* **WHAT THE EXERCISE ASKS**
If an entry holds a picture, leave the picture out and output everything else exactly.

* **LISTED RECORDS**
>>>>>
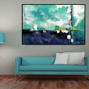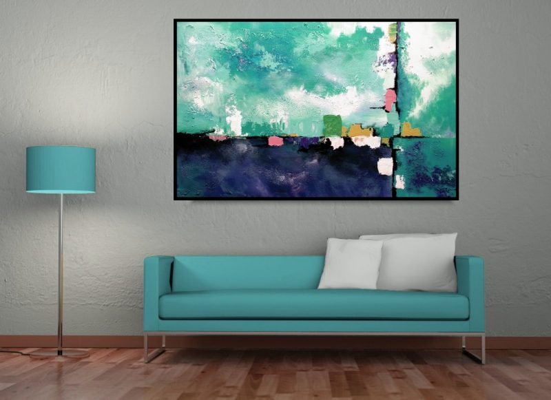 Abstrakcja duży turkusowy obraz w kontrastowej kolorystyce. Idealnie pasuje do modnego wnętrza – salonu, sypialni, przedpokoju czy biura. Oprócz standardowych farb używamy często zaskakujących technik oraz tworzyw malarskich. Posiadamy wiele modnych wzorów oraz klasycznych motywów. Gdyby jednak zamarzyło się Państwu coś zupełnie odmiennego – malujemy obrazy na zamówienie, portret na zamówienie, obrazy kwiaty, obrazy abstrakcje obrazy postacie.
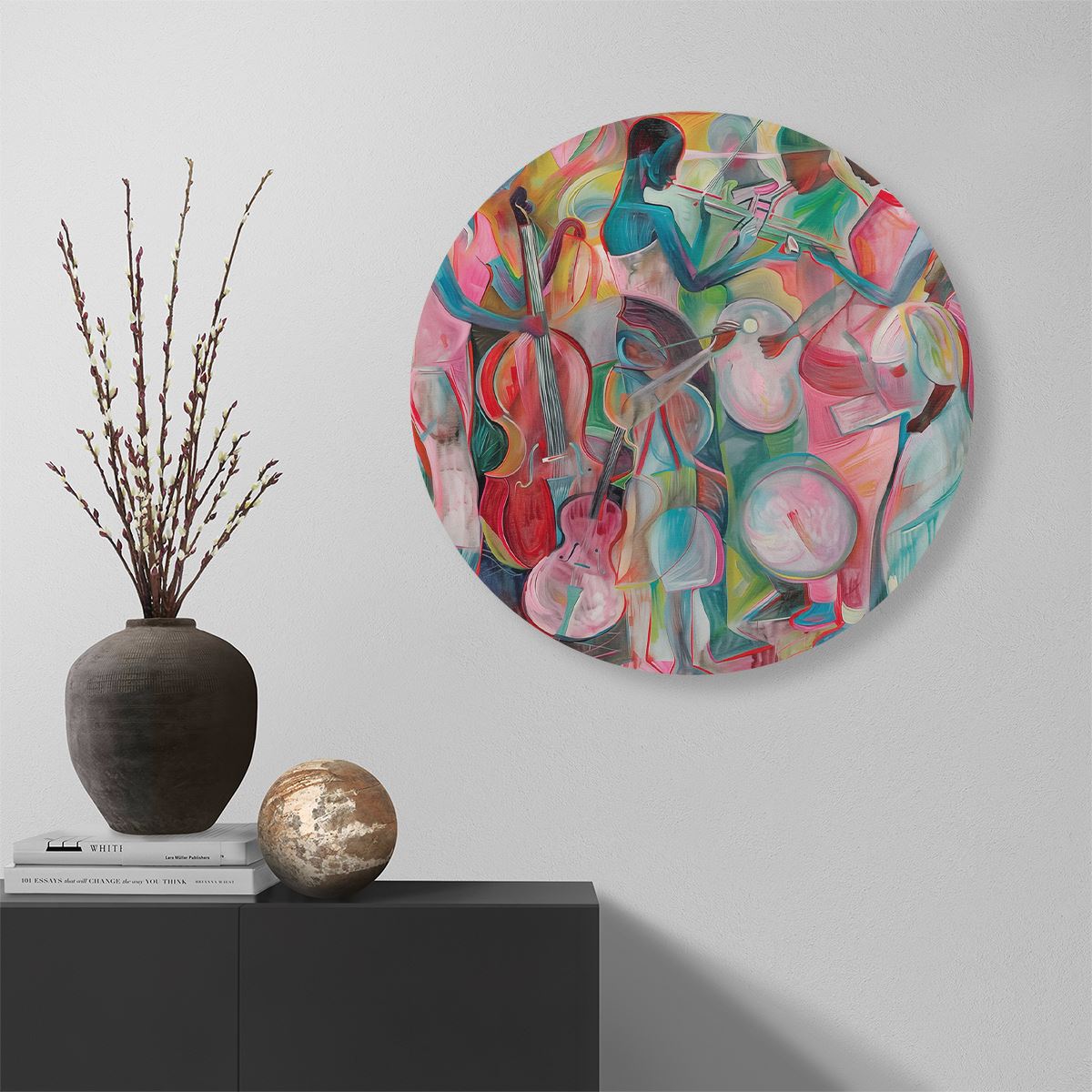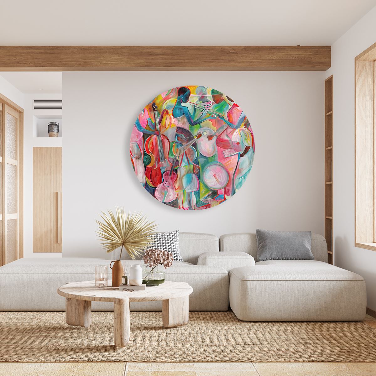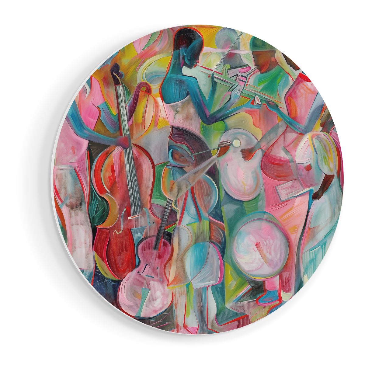 Wandcirkel Kunstwerk van Muzikanten die Instrumenten Bespelen
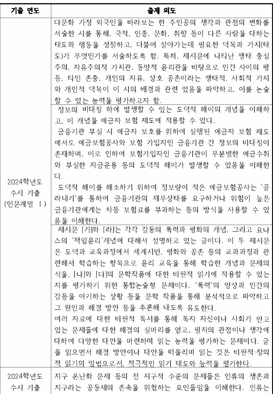 - 제시문 간의 비교와 종합적 사고를 요구.
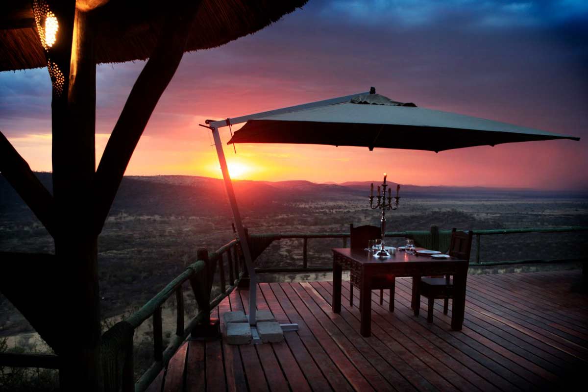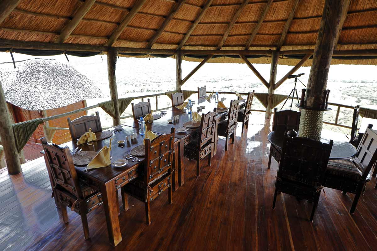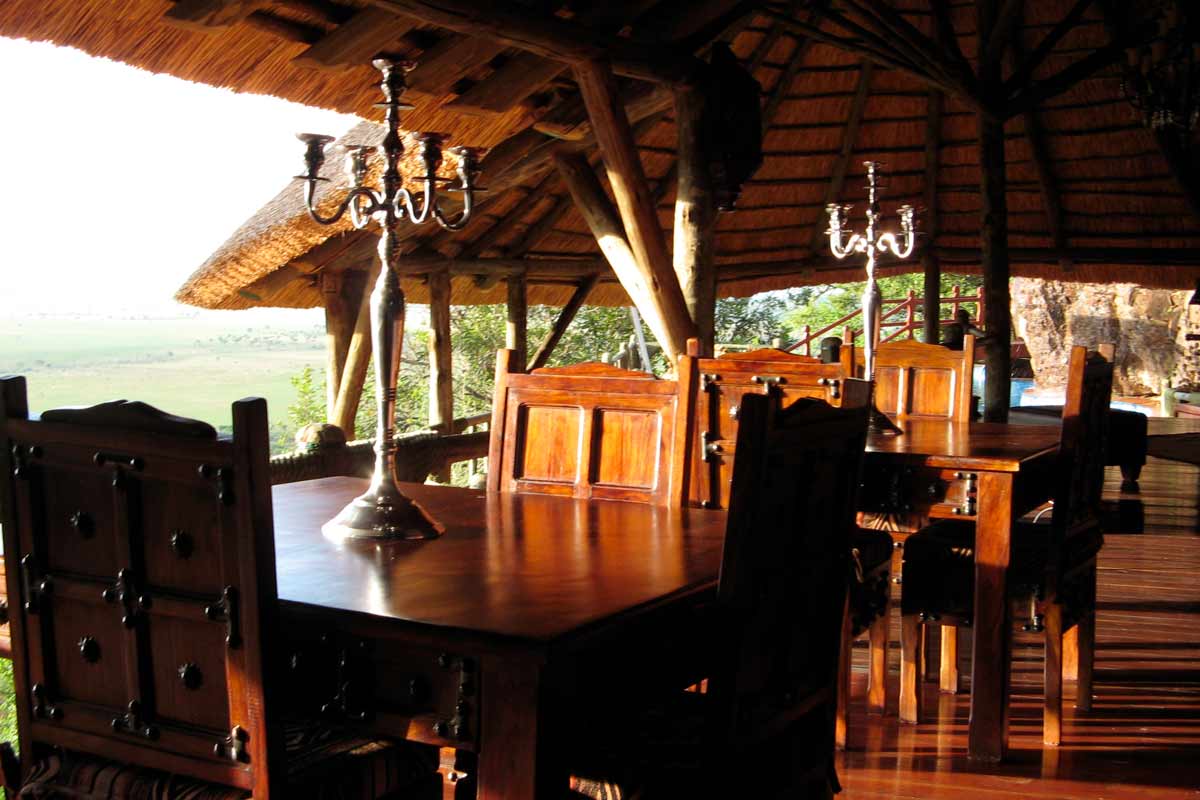 SOROI SAFARI LODGE offre des parties communes qui se répartissent sur plusieurs étages où de vastes terrasses offrent une vue spectaculaire sur les plaines vallonnées de Musabi. Leur style est un peu déroutant (chaises de bois qui semblent provenir d’un manoir écossais), quelques petites fautes de goût ont presque heurté nos yeux exercés (canapés en faux cuir) et l’ensemble manque un peu de chaleur. Mais il est peu probable, avec de telles chambres, que vous y passiez beaucoup de temps en dehors des repas. La nuit, le charme opère plus nettement avec le coucher de soleil impressionnant et les éclairages tamisés.
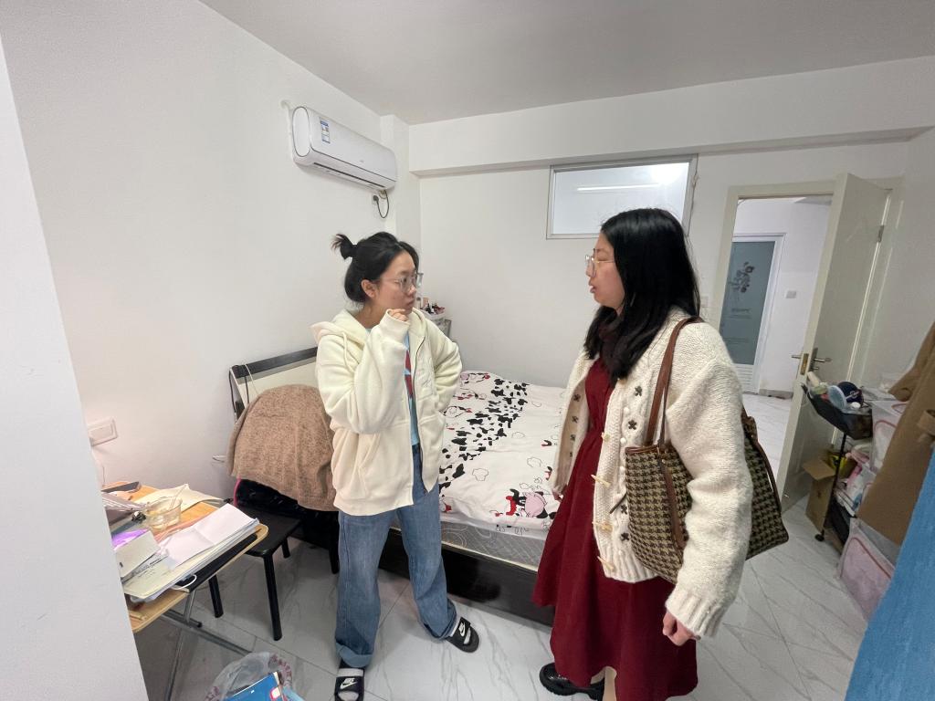 近日,为进一步了解校外住宿同学的住宿环境以及新学期学习生活情况,确保校外住宿同学的住宿安全,公司党委副书记魏一带领公司全体辅导员走访了校外住宿员工,为同学们送去关心和问候。
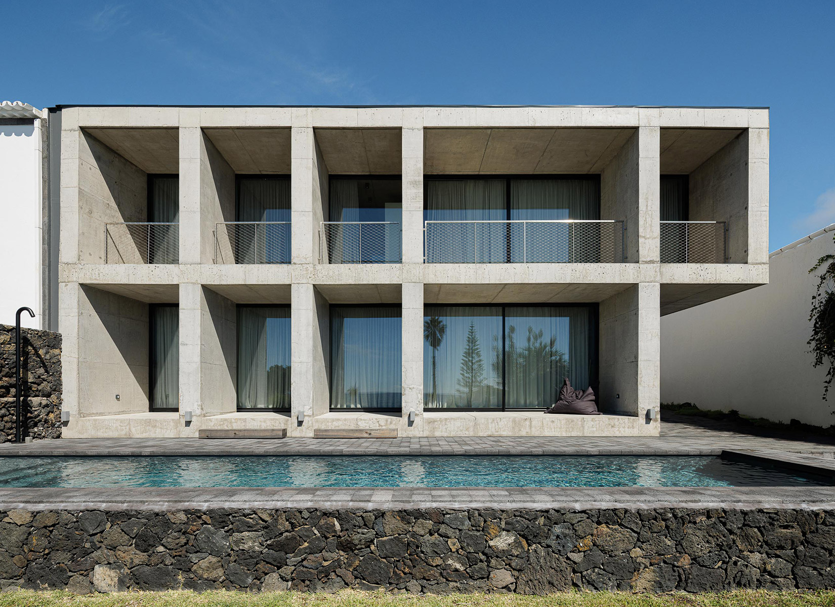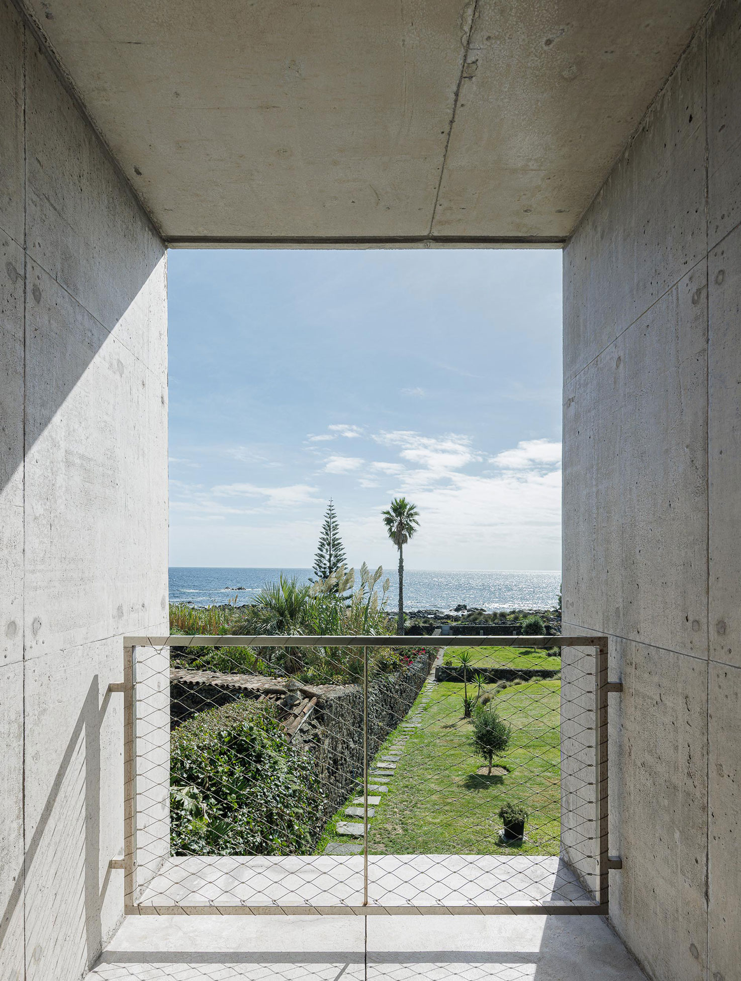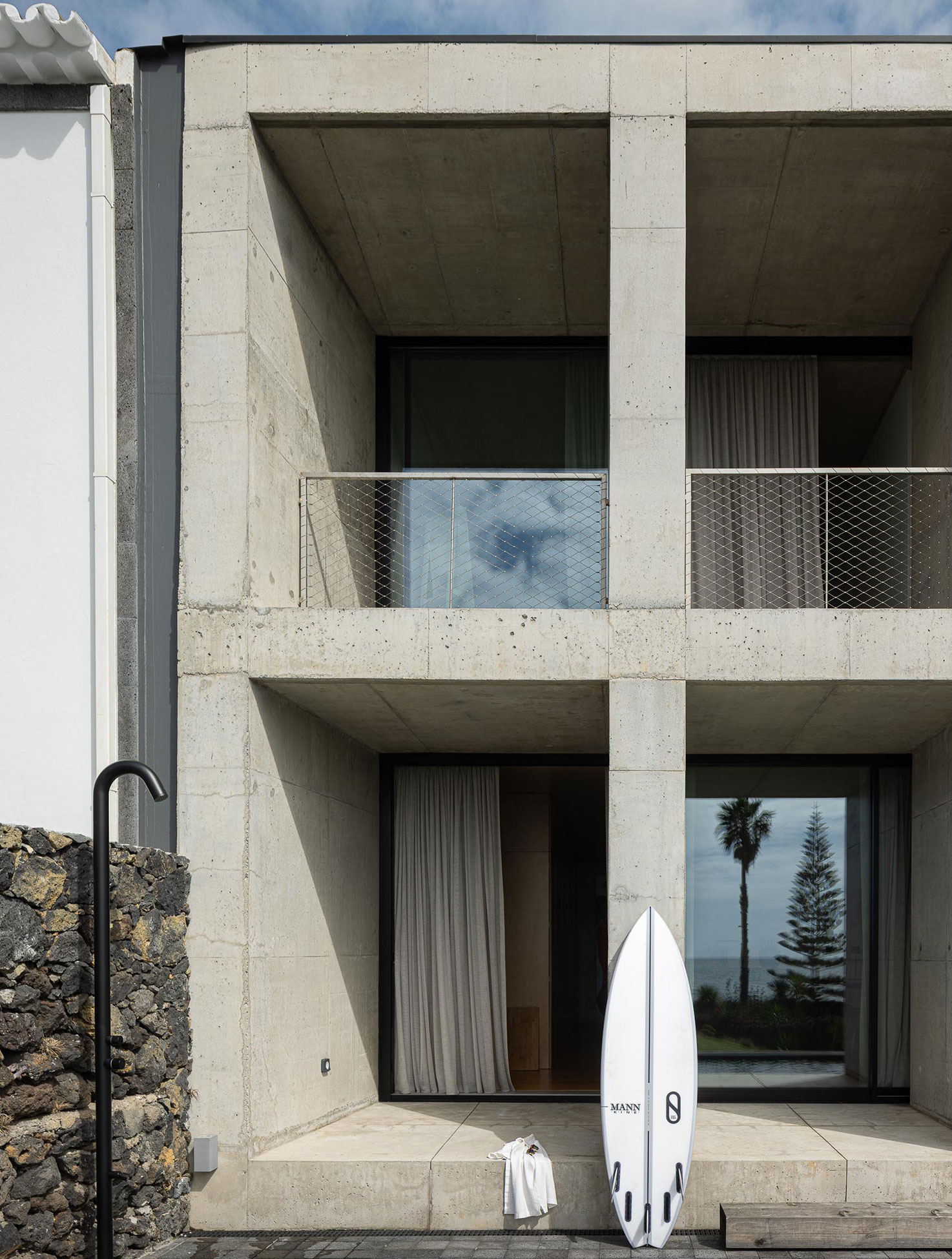 The choice of exposed concrete was obvious. A material resistant to time and salt. Raw, yet honest. The building presents itself to the street as a mineral mass composed of solids and voids. The openings, recessed and protected, reveal little of the interior. From the outside, the house seems almost uninhabitable—a new ruin, a sequence of caves on the Rocha Quebrada.
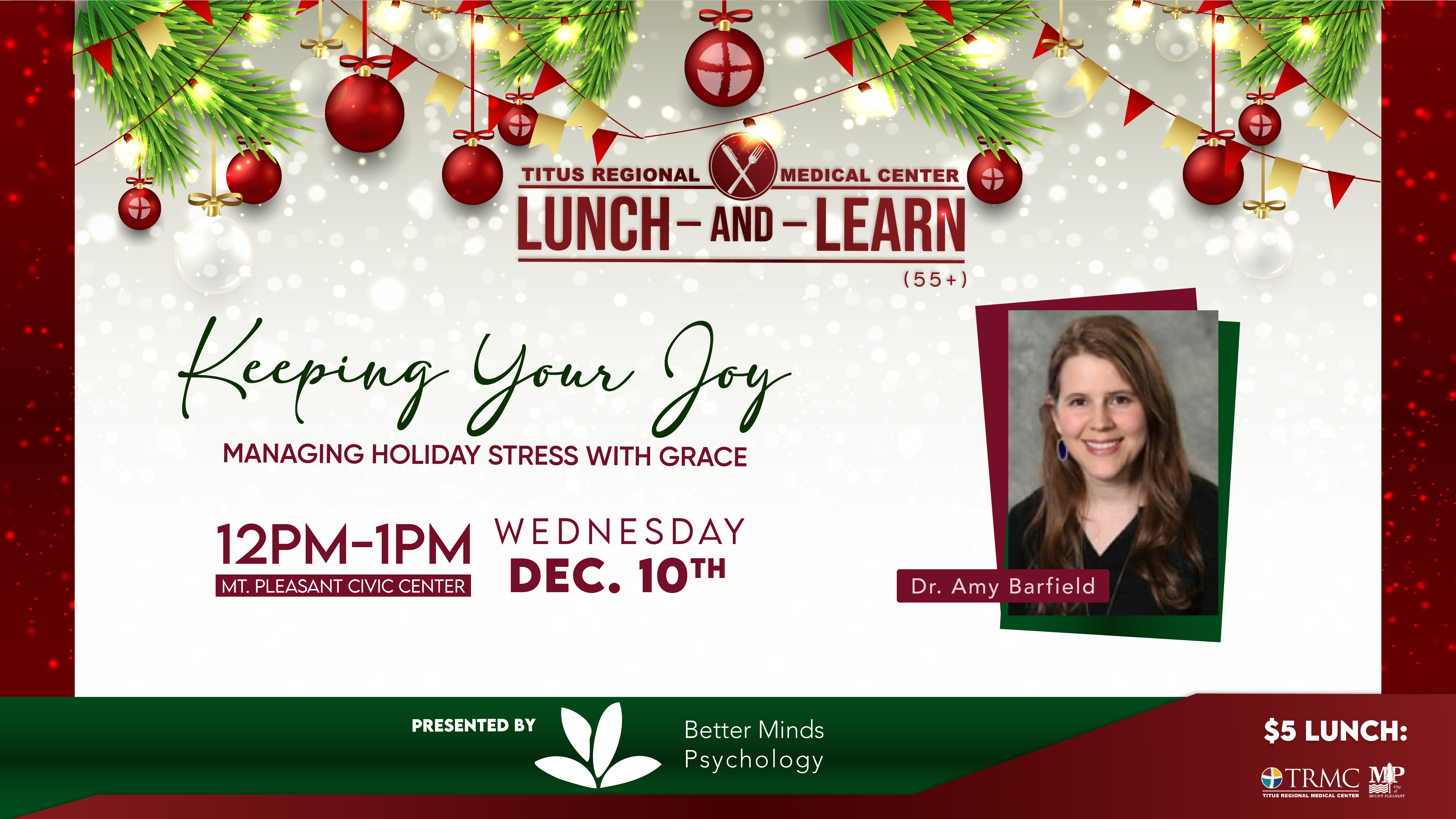 For our 55+ community members, join us as we gather for Lunch & Learn on Wednesday, December 10th, from 12-1 PM at the Mt. Pleasant Civic Center. This month, we'll be hearing from Dr. Amy Barfield from Better Minds Psychology as she presents "Keeping Your Joy - Managing Stress During the Holidays with Grace". Bring $5 to enjoy a tasty ...
<<<<<
* **OUTPUT FOR THIS TASK**
 Abstrakcja duży turkusowy obraz w kontrastowej kolorystyce. Idealnie pasuje do modnego wnętrza – salonu, sypialni, przedpokoju czy biura. Oprócz standardowych farb używamy często zaskakujących technik oraz tworzyw malarskich. Posiadamy wiele modnych wzorów oraz klasycznych motywów. Gdyby jednak zamarzyło się Państwu coś zupełnie odmiennego – malujemy obrazy na zamówienie, portret na zamówienie, obrazy kwiaty, obrazy abstrakcje obrazy postacie.
 Wandcirkel Kunstwerk van Muzikanten die Instrumenten Bespelen
 - 제시문 간의 비교와 종합적 사고를 요구.
 SOROI SAFARI LODGE offre des parties communes qui se répartissent sur plusieurs étages où de vastes terrasses offrent une vue spectaculaire sur les plaines vallonnées de Musabi. Leur style est un peu déroutant (chaises de bois qui semblent provenir d’un manoir écossais), quelques petites fautes de goût ont presque heurté nos yeux exercés (canapés en faux cuir) et l’ensemble manque un peu de chaleur. Mais il est peu probable, avec de telles chambres, que vous y passiez beaucoup de temps en dehors des repas. La nuit, le charme opère plus nettement avec le coucher de soleil impressionnant et les éclairages tamisés.
 近日,为进一步了解校外住宿同学的住宿环境以及新学期学习生活情况,确保校外住宿同学的住宿安全,公司党委副书记魏一带领公司全体辅导员走访了校外住宿员工,为同学们送去关心和问候。
 The choice of exposed concrete was obvious. A material resistant to time and salt. Raw, yet honest. The building presents itself to the street as a mineral mass composed of solids and voids. The openings, recessed and protected, reveal little of the interior. From the outside, the house seems almost uninhabitable—a new ruin, a sequence of caves on the Rocha Quebrada.
 For our 55+ community members, join us as we gather for Lunch & Learn on Wednesday, December 10th, from 12-1 PM at the Mt. Pleasant Civic Center. This month, we'll be hearing from Dr. Amy Barfield from Better Minds Psychology as she presents "Keeping Your Joy - Managing Stress During the Holidays with Grace". Bring $5 to enjoy a tasty ...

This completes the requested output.